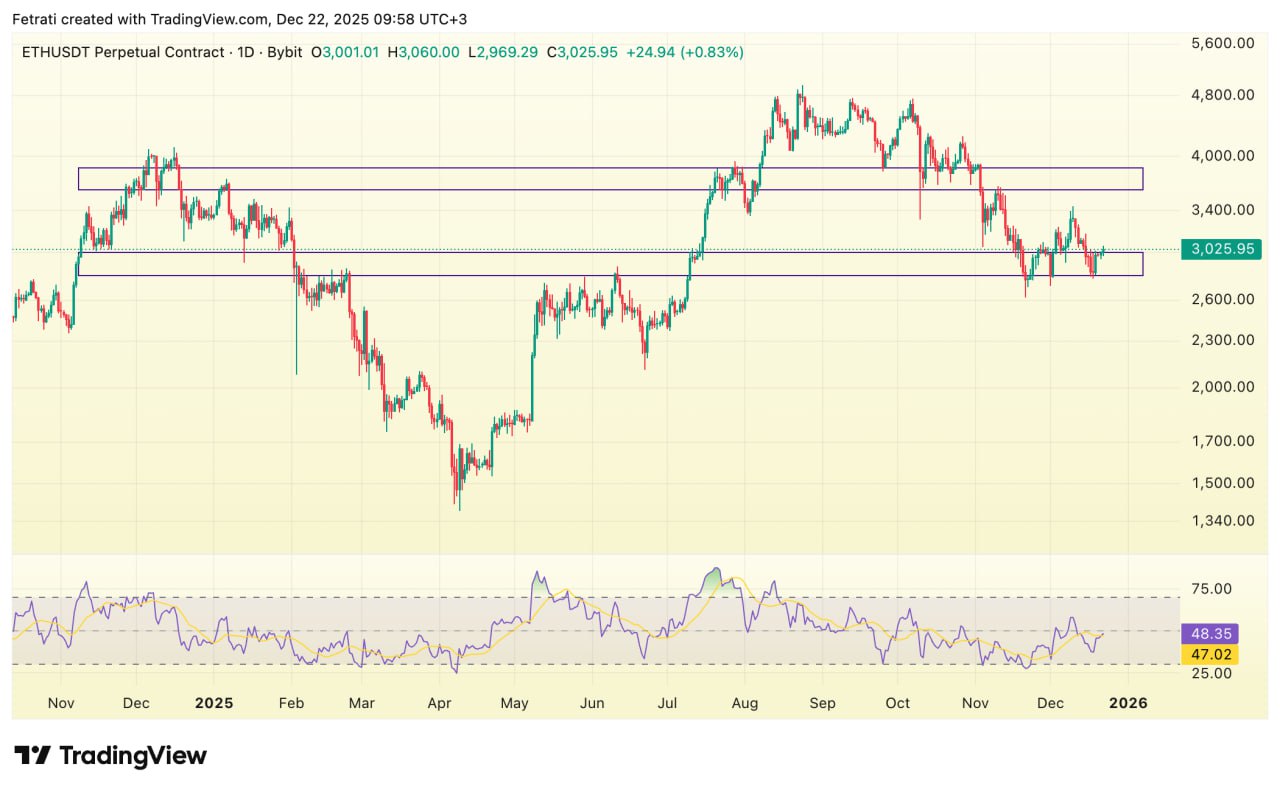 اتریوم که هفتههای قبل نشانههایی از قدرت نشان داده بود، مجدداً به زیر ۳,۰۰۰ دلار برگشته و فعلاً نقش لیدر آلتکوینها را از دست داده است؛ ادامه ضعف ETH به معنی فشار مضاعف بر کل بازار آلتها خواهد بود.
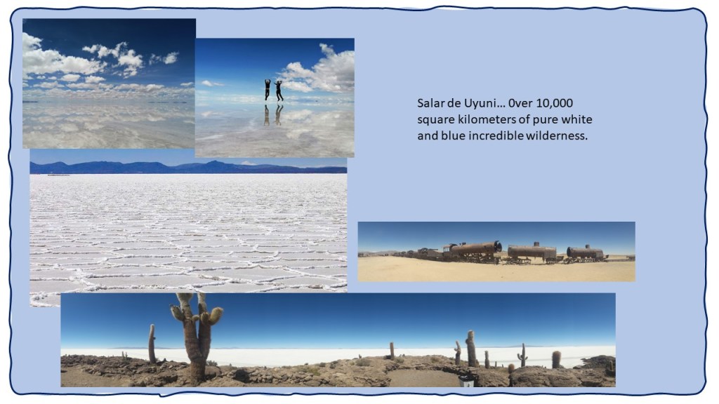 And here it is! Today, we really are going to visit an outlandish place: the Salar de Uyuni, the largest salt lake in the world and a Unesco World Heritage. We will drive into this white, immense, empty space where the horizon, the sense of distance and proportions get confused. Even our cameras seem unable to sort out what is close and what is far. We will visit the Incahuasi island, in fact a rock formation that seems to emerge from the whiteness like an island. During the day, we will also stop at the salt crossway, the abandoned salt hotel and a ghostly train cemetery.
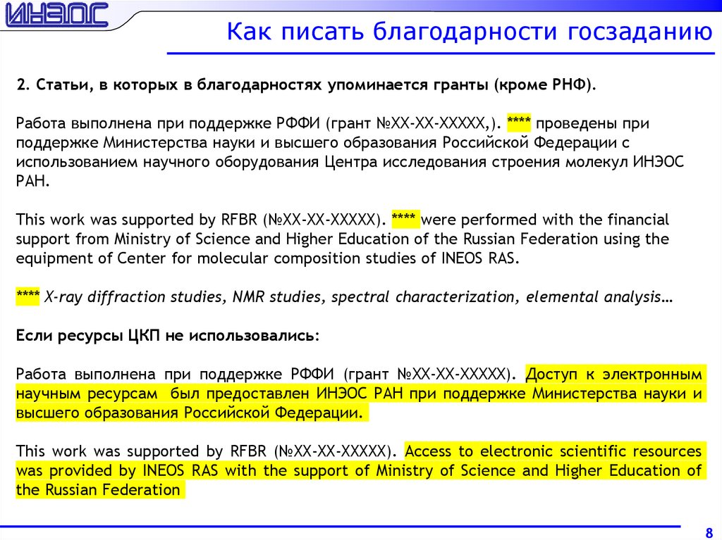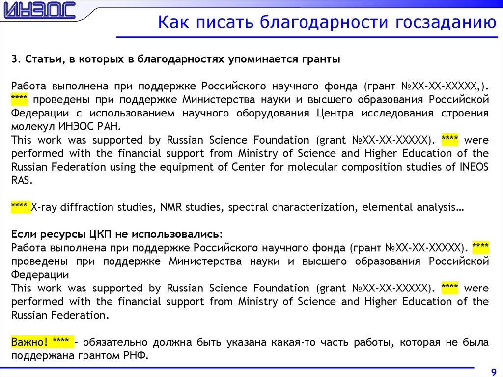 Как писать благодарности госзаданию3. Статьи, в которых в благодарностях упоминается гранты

━━━━

## TASK OBJECTIVE
Set down the full listing above with its wording unchanged. Leave out its images.

## ANSWER TO THIS TASK
 اتریوم که هفتههای قبل نشانههایی از قدرت نشان داده بود، مجدداً به زیر ۳,۰۰۰ دلار برگشته و فعلاً نقش لیدر آلتکوینها را از دست داده است؛ ادامه ضعف ETH به معنی فشار مضاعف بر کل بازار آلتها خواهد بود.
 And here it is! Today, we really are going to visit an outlandish place: the Salar de Uyuni, the largest salt lake in the world and a Unesco World Heritage. We will drive into this white, immense, empty space where the horizon, the sense of distance and proportions get confused. Even our cameras seem unable to sort out what is close and what is far. We will visit the Incahuasi island, in fact a rock formation that seems to emerge from the whiteness like an island. During the day, we will also stop at the salt crossway, the abandoned salt hotel and a ghostly train cemetery.
 Как писать благодарности госзаданию3. Статьи, в которых в благодарностях упоминается гранты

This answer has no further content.